Well, no one except for Norris. Sitting on the beach, you can hear cars whizzing by at 50 miles per hour, but the MLB pitcher doesn’t care. It’s his own private beach—a place where he comes to paddleboard, read, and journal all by himself.
One time, after spending all morning in the water, Norris swam back to the sand and fell asleep on his paddleboard. A few hours later, Norris woke up to find that the tide had risen and swept him and his board out into the ocean.
He was far away from the shore, completely disoriented and a little scared. But it also gave him a feeling of adventure, which is what he lives for. “That was one of the best moments of my life,” he said. Now, he sits on that same beach and watches the sunset while he cooks his stir fry on his portable stove.
As he gears up for his next season, Norris knows that he will have to make two concessions: shave his beard and move into a teammate’s house. While it’s important for Norris to stick to his way of life, he also wants the team to know that he takes his job seriously.

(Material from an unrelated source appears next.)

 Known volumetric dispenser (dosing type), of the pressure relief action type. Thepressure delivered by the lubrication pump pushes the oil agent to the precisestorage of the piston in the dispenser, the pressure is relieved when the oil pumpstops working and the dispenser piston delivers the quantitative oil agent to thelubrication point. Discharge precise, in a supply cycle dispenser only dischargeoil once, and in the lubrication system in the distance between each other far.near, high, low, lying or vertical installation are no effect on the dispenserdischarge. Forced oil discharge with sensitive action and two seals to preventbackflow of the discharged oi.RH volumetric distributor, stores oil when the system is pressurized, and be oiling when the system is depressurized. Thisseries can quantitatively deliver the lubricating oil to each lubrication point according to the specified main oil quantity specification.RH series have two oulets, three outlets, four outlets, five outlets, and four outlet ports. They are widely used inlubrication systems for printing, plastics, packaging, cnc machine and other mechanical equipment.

“There are some things that I’m just going to have to get over,” he told ESPN in 2016. “I can’t be by myself all the time. I can’t live the total minimalist life. I guess I’m going to have to figure out where and when to give in.”
Norris sometimes feels that other players and fans think that his eccentricity and unconventional lifestyle are just a phase. Let’s be honest here. Will Norris really be living in a van if his $2 million becomes $40 million? Will he still write in his thought journal when he becomes a full-blown MLB star?

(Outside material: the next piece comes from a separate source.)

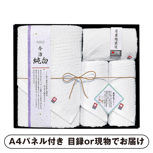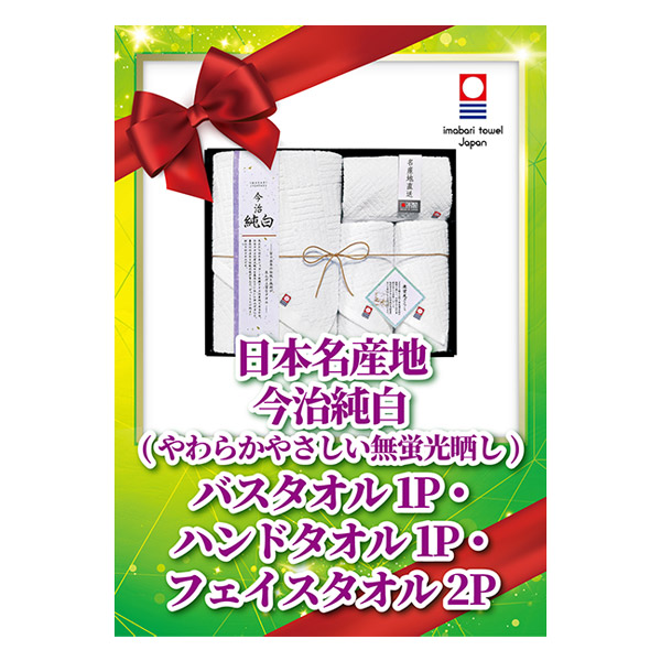 日本名産地 今治純白(やわらかやさしい無蛍光晒し) バスタオル1P・ハンドタオル1P・フェイスタオル2P【パネル・目録付】|景品ならPIARY(ピアリー)

How can Norris’ lifestyle survive the pressures of fame and corporate sponsorship? But Norris sweeps these questions under the rug. “What I’ll do, if baseball goes well, is I’ll become even more of an ambassador for the things I really care about,” he told ESPN.
Norris also says that no amount of fame will come between him and his van, Shaggy. For years, the two were inseparable during Norris’ off-season. Much to the amusement of his fellow teammates, Norris insisted on driving his VW van down to Florida for spring training.
He also takes Shaggy on cross-country trips at least once a year. But as much as Norris loves his car, he knows that it has its limits. Shaggy broke down three times during his 2015 drive from Tennessee to Oregon (and several more times since).
“It was pretty gnarly,” Norris recalls. The second time it broke down, Norris blew the third cylinder while driving through Kansas. He eventually found a mechanic in Denver, Colorado, who could fix it. But in order to get there, Norris had to drive eight hours at 35 miles an hour.
The VW van lasted for one more day before it failed again. “I’m very fortunate for those experiences,” the pitcher continues. “I think they’ve helped mold me as a person.” As time’s gone on, Norris has gotten handier too.
He knows how to fix his car with duct tape and zip ties and has educated himself on how to make Shaggy last long-term. “I like the idea of fixing it myself,” Norris explains. “My dad’s the hardest worker I’ve ever met, so he’s inspired me to relish those opportunities.” Now going on his tenth year with Shaggy, Norris has his traveling system down pat.
He doesn’t pack as many things (to keep the weight down) and now performs maintenance checks before any long drive. While his trips have become increasingly shorter in recent years, he has no plans on abandoning van life.
“I plan on having it my whole life,” Norris said of his VW van. “It helped me find myself in many ways. It means a lot to me.” But for now, it’s just Shaggy and the Van Man sitting together on the beach. As he walks towards the water, he looks up at the sky and starts to name the stars above.
Norris takes out his camera and begins photographing everything he sees—the van, the beach, the stars, everything. “I have to capture this,” he says. For another night, Norris is at peace on the beach, and maybe, just maybe, he can make it last.